Some of the kids I meet don't know how to be resilient. They give up easily, don't know how to stick with a problem if their first attempt at a solution doesn't work. I don't believe humans are born that way. Look at how joyfully a child fails when learning to walk or talk. I think resiliency is a natural trait but sometimes we UN-learn it. There are as many contributing factors to this as there are people. A few I've seen are:
  • helicopter parents. Kids need to learn to solve their own problems. If mom or dad is always doing it they're always going to wait for someone to fix things.
  • absent parents. Not necessarily physically absent, but emotionally. And yes, this contradicts the first point, but it's true. We all need support and kids are no exception. Parents need to find that middle ground.
  • too much passive activity for developing brains. TV, video games, computers, tablets etc. Few of these involve the brain on a truly active level. While there is some decision making in games, it's limited (although I do like the fact that some games require the user to persevere/think creatively and try again and again to achieve the next level!). Keeping that young mind active and mobile is vital. You need practice to become a creative problem solver. 
  • too little physical activity. What better way to learn resiliency than to play on a losing team? Or to be the last one picked in your favourite game? Or to be the smallest one at the playground? Learning to lose with grace and to come back and face the next game is incredibly powerful. 
Failure isn't permanent. Often it's not even a negative - it's just a step on the latest learning curve. Learning to fail yet come back excited to try again is vital.
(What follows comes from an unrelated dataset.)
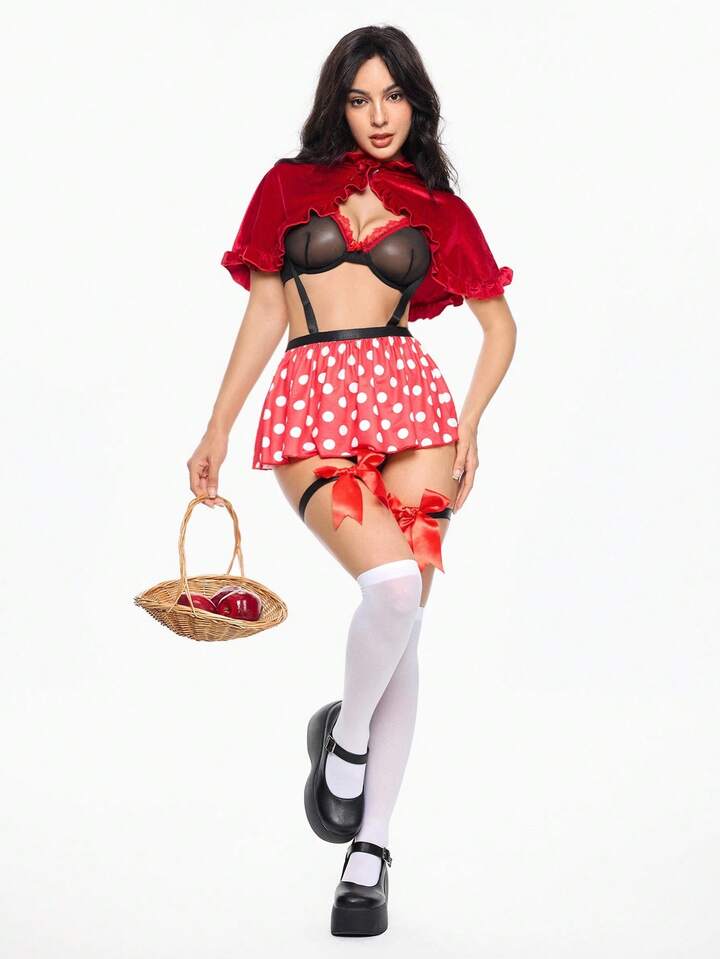 ROMWE Avant 5pcs Kawaii Sexy Lace Patchwork Bowknot Polka Dot Sheer Print Lingerie Set, Cosplay Costume

I think as a group, writers are some of the most resilient people I know. So much to learn, so many ways to be rejected, so many steps to take. And for the most part, we do it willingly and with a smile. Gotta love it!

So how did you learn to be resilient?

49 comments:

  1. Resilience is one of the more important lessons we need to learn in life. I'm not sure how I learned mine. Probably from my supportive mum who never just gave me the answers.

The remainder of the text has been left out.